Thursday, January 18, 2007

Note on Environmentalism

I think Environmental problems, as Barnett says, should be dealt with from easiest (least difficult) to most: in that regard, Global Warming comes in last. [Barnett calls it voting the problems off the island].

Environmental Issues to deal with first:

--Polluted Air (Hello China)--the most pain inducing in the world now and the easiest (roughly speaking) to fix.
--Clean Water for all Humans (and Fish!!!)
--Deforestation & Despeciation

Human poverty is what causes all of these problems--during the transition phase from agricultural to industrial is when everything gets really bad. Think Charles Dickens' London for Western example. Air pollution rises, bad working conditions, labor exploited--the transcending (negating) of the agrarian life both technologically and more importantly socially and culturally is the very painful. I'll talk about this more later, but it is also in this phase that those who have achieved a measure of affluence but do not want the society destabilized become the revolutionaries.

On the other side of that transverse though is INCREASED forest cover, natural habitat, clean air/water (1970s America), and better human conditions (labor, wealth, etc.). The job of the West is really to help the world (and not just Asia, most Latin America) move into this world. Hence these problems are going to increase. The more we put into better/cleaner technology so they can leapfrog to those the better. But still it will be a painful transition. But that is the grain of evolution--of course people can choose not to go that route but we can't stop people from their inherent/inherited evolutionary right so to do.

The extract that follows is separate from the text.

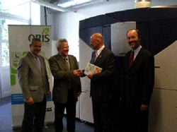 CGS Publishing Technologies International übergab vor einigen Tagen ORIS Press Matcher Pro und ORIS Certified Proof Software an die Höhere Graphische Bundes-Lehr- und Versuchsanstalt in Wien. Die Software wird dort in Verbindung mit einer Xerox iGen4 und einer Konica Minolta Bizhub in der praxisorientierten Ausbildung der Druck- und Medientechnik eingesetzt. Durch das ORIS Farbmanagement gelang eine perfekte Simulation des Prozessstandards Offsetdruck und damit auch die Erfüllung der entsprechenden Anforderungen in Bezug auf Qualität und Wiederholbarkeit. Heiner Müller, CGS‘ Director Communications & Business Development anlässlich der offiziellen Übergabe der Software in Wien: „Die höhere Graphische in Wien bietet seit langem eine praxisgerechte Ausbildung in der Druck- und Medientechnik auf höchstem Niveau und hat sich einen entsprechenden Ruf über Österreichs Grenzen hinaus erworben. Neben den vermittelten allgemeinbildenden, technischen und kaufmännischen Inhalten ist die Institution vor allem für Ihren Praxisunterricht bekannt. Hier arbeiten die Schülerinnen und Schüler in kleinen Gruppen an realen hausinternen Aufträgen und sind für die gesamte Abwicklung von der Auftragsannahme bis zur Auslieferung verantwortlich. So wird der Produktionsunterricht auch häufig als ‚Übungsfirma‘ bezeichnet. Es ist dieser Praxisbezug und die Lerninhalte, die sich am aktuellen Stand der Technik orientieren, die eine Partnerschaft für Lieferanten und Hersteller so attraktiv machen. Wir von CGS freuen uns, dass wir mit unseren Produkten dazu beitragen können den Auszubildenden näherzubringen, was Farbmanagement im Digitaldruck heute leisten kann. Moderne Digitaldrucksysteme müssen sich heute dem Vergleich mit konventioneller Drucktechnik stellen und werden vielfach im Verbund eingesetzt. So werden Vorabauflagen und personalisierte Produkte digital gedruckt; anschließende größere Auflagen wiederum im Offsetverfahren hergestellt. In beiden Fällen muss ein vordefinierter Standard wie die ISO Norm exakt eingehalten werden.“

Global Warming or perhaps better Climate Change (Alteration?), to the degree that it happens, is one could argue due to affluence. I think it is happening. I'm not sure anyone knows how much of the warming is human caused and how much is nature caused--99% of the Carbon in the atmosphere is "natural." I also don't think we know for sure that human induced change is automatically going to bring on environmental apocalypse: "catastrophic" change in the parlance. I think for right now some carbon tax might be in order, Kyoto is bunk, and overall the best strategy is "fire--proofing" insurance-wise the planet. I think some bad things are inevitably going to happen and we should protect against those--remembering that the human poor are the most likely to be hurt. Some animal and planet species, I'm sad to say, will likely go extinct (are doing so already): but keep in mind 99% of all species in the history of earth have gone extinct.

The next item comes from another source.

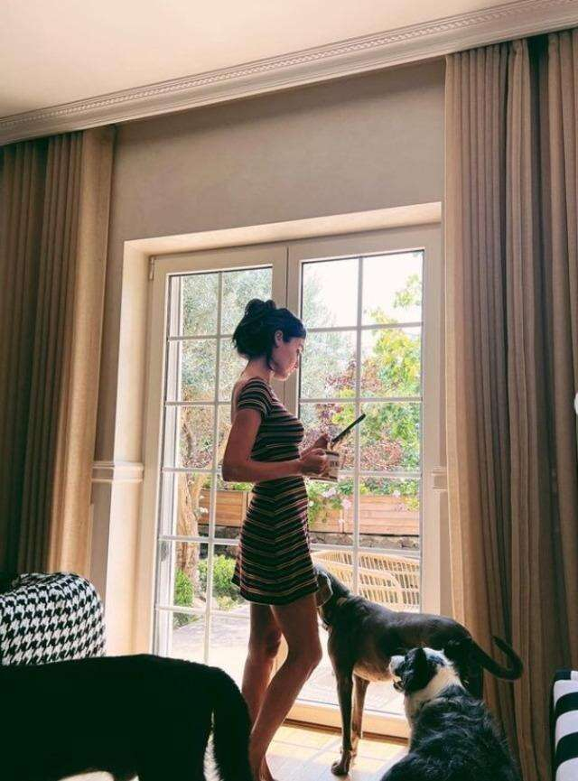 İş insanı Hakan Sabancı ile beraber olan Erçel evinden yeni fotoğraflarını yayınladı. Güzel oyuncu fotoğraflarda evcil hayvanlarına da yer verdi.

Most importantly, working on those earlier problems would give us momentum and hope as a species. Global Warming plays to the politics of fear and de-stablizes/paralyzes humans to action.

Bjorn Lomborg has shown that $50 billion focused on AIDS, malnutrition, prevention of malaria, and trade liberalization (along the environmental issues raised above), a fraction, of one year's implementation of Kyoto, could do so much more overall good than narrow focus on capping carbon emissions. I say let's do that first and then worry about global warming.